In August 2022, the Reserve Bank of India (RBI) issued a press release announcing the partial implementation of the recommendations of its working group on digital lending. Among the proposals made by the working group that still remained for the RBI’s further consideration was that on first loss default guarantees (FLDG). From the publicity this recommendation generated, it was apparent that the provision of FLDGs is one of the cornerstones of the fintech ecosystem. There was much anxiety within the sector as to how tightly FLDGs would ultimately be regulated.

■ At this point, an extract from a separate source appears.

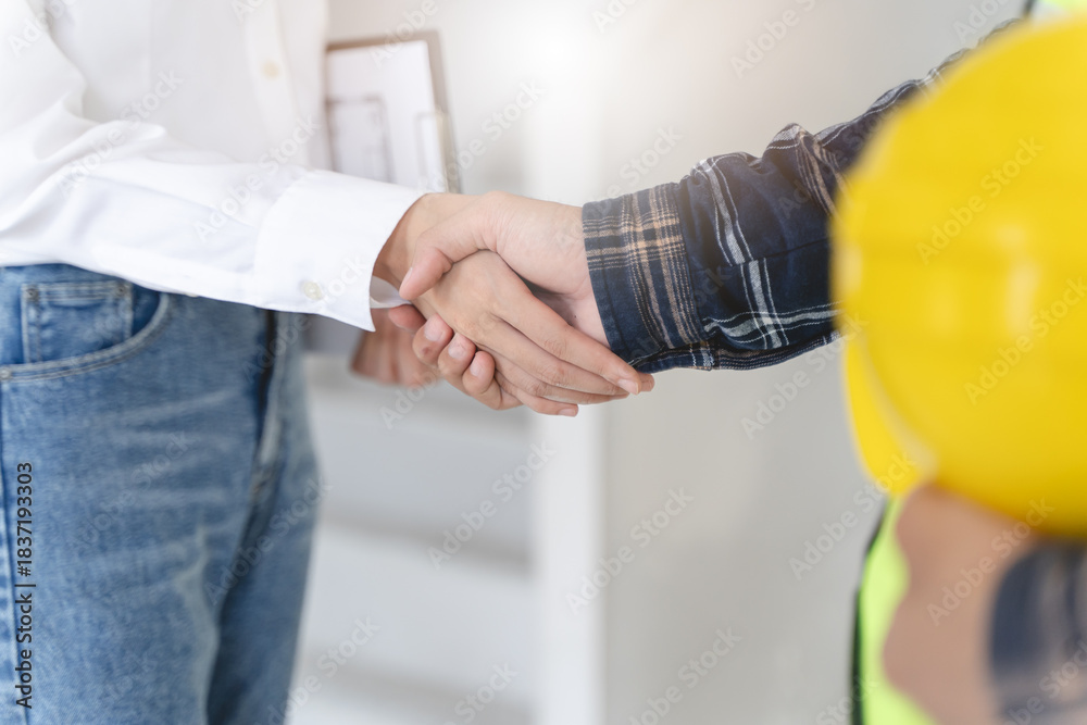 construction worker and contractor. Client shaking hands with team builder in renovation site.

An FLDG is where a technology platform provider gives a partial guarantee to support the loans referred by it to an RBI-regulated entity (RE). FLDG arrangements can also exist between two REs, and are not limited to those between an RE and a non-RE. There had been some consternation in the fintech and the lending sectors as the RBI’s September 2022 initial guidelines on digital lending equated the providing of an FLDG with a synthetic securitisation. This is a structure whereby the credit risk of a loan or a pool of loans is transferred, in whole or in part, by way of credit guarantees or credit derivatives. The RBI recently issued further guidance on 8 June 2023 on default loss guarantees (DLG) in digital lending.
The June 2023 circular clarifies that DLGs adhering to its provisions will not be treated as either synthetic securitisation or as loan participations. The latter are structures where the economic interest in a loan is transferred without the actual loan being transferred. The circular applies to all commercial banks and all non-banking financial companies. A DLG is now defined in the circular as a contractual arrangement between an RE and any other entity that complies with the criteria prescribed in the circular, where such entity agrees to compensate the RE for any losses in a loan portfolio up to a pre-agreed limit. An RE may enter into a DLG only with another RE or a lending service provider (LSP) incorporated under the Companies Act, 2013, with which it has entered into a lending services outsourcing arrangement.

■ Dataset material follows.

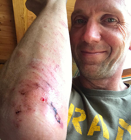 The 7th swim was the longest with a length of 1,400 meters and a storm arrived during that segment. The lake got very choppy and with such a long exposure you could really feel the 55 degree water temperatures. According to Carson this was the only swim where he could feel the "pull of the tether." But he then said that it was more so the current and not the German guy attached to him by the hip. I came out of that swim feeling cold and with somewhat wobbly legs, but when I looked around I noticed no other team nearby. We grabbed some food and drinks at that aid station and then moved on to the final climb of the day. All of the sudden I noticed a team running towards us and still slightly dizzy from the swim I thought that maybe we had gone wrong. We continued running in that direction, but I turned around to make sure we did not have to go somewhere else. I then tripped and fell and hit the gravel path very hard. I busted open both palms of my hand and my right elbow and forearm was a bloody mess. My left knee was also scraped open, but the biggest pain was surely that right elbow and right hand. The volunteers nearby rushed over and offered assistance but I was stubborn and said I was ok. I also noticed that the team running towards us was one of the front running teams (German Sparkle Party in 5th place overall) returning from that climb and about to start their final swim. So yes, we were going the right direction but I was now hurting and felt a bit nauseous. We slowly continued and Carson was very calm and supportive. But I decided to climb back into the lake to wash all the gravel and dirt from my open wounds. I felt terrible, and wondered if this was the end of our race, but there is no crying in Swimrun. Plus I did not want to disappoint my teammate. He had made a big effort to race with me and I surely could not stop now. So we continued. I had a compression bandage with me (required gear) but I thought it would be wasted on my elbow considering that we still had one more swim in front of us.

A DLG must be backed by an explicit, legally enforceable contract between the RE and the DLG provider. The DLG contract must specify the form of the DLG, how the DLG cover is maintained by the RE, the extent of the DLG cover, the timeline for invoking the DLG and the further disclosure requirements specified in the June 2023 circular. DLG can only be provided in the form of cash deposited with the RE; fixed deposits maintained with a scheduled commercial bank marked with a lien in favour of the RE, or a bank guarantee in favour of the RE.
The term of a DLG must not be shorter than the maturity of the loan portfolio for which the DLG has been provided. The cover provided under a DLG must not exceed 5% of the loan portfolio in respect of which the DLG has been provided. An RE must invoke a DLG within a maximum period of 120 days from the date the loan becomes overdue, unless the amount due has been discharged by the borrower.
An RE retains the responsibility for recognising individual loans underlying a DLG in accordance with the prudential requirements applicable to them, such as non-performing assets, and for providing for such loans. Recovery from any loan for which a DLG has been invoked may be shared with the LSP in accordance with the contractual arrangement between the RE and the LSP. Interestingly, the June 2023 circular specifies that the amount of a DLG invoked “shall not be set off against the underlying individual loans”. The reason behind this provision is not clear, considering that the amounts invoked in respect of a DLG for a loan would reduce the outstanding balance in respect of such loan.
That the RBI has provided guidance on DLG arrangements is welcome, and provides much-needed clarity on the validity of such arrangements. Prior to the issue of this guidance, DLG arrangements that REs entered into were subject to uncertainty and speculation. It is interesting to note that the tone of the guidance provided by the RBI implies it has set out what it believes is an initial level of regulation. It would seem that for the time being, the regulator has decided to encourage and to foster the industry rather than to shackle it with cumbersome regulation.